And setting a time range t according to the precision of the inertial navigation equipment, and performing zero clearing correction on the inertial navigation equipment by using the position information fused at the moment every t time periods, wherein the inertial navigation equipment takes the moment as a starting point and performs measurement again.
The following explains the concept of the present invention
In a known environment, a starting point and an end point are determined, then a Dstar algorithm is used for planning a path, and autonomous navigation is carried out according to the planned path. When an obstacle is encountered in the operation process, the dynamic obstacle avoidance is carried out through the laser radar and the ultrasonic equipment carried by the robot, and the path planning is carried out again by taking the point as a starting point when the obstacle avoidance fails.

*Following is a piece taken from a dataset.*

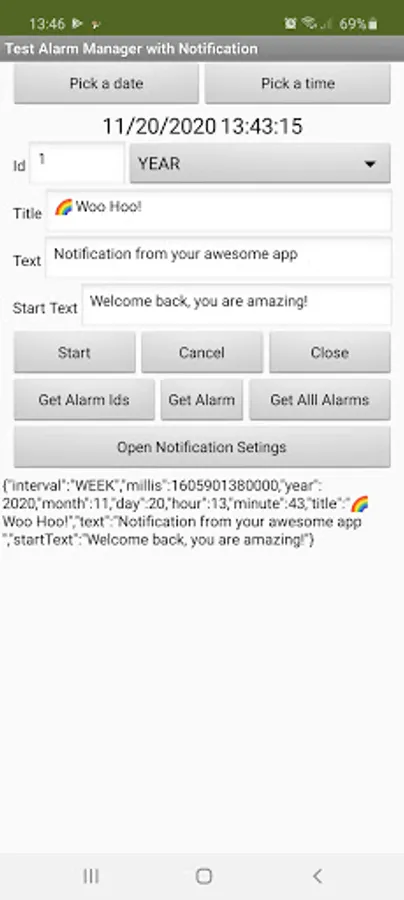 App Inventor Alarm Manager with Notification and Autostart Extension Test project to test the alarmmanager extension

In the autonomous navigation process, the longitude and latitude information received by the GPS receiver is subjected to data processing and coordinate conversion and is converted into a geodetic coordinate system; fusing sensor equipment such as an accelerometer, a gyroscope and the like in the inertial navigation system to obtain position information and attitude information at the moment; and scanning the surrounding environment through a laser radar, extracting the characteristic points, matching with a spatial database, and determining the position information.

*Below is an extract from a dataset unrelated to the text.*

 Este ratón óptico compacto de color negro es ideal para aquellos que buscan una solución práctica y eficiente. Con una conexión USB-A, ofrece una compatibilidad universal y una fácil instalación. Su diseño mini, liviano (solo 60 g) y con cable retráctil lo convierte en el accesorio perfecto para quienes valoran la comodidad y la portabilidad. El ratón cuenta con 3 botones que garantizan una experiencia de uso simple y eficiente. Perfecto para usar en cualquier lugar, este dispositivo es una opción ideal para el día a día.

In the navigation process, the GPS and the feature point extraction have very large error fluctuation of measurement data when the GPS is interfered, and the feature point extraction fails to extract position information due to sensor noise or insufficient number of feature points, so that the positioning precision is influenced by preventing interference of related problems on a final positioning result, a threshold value is set, and the measurement information exceeding the threshold value is removed.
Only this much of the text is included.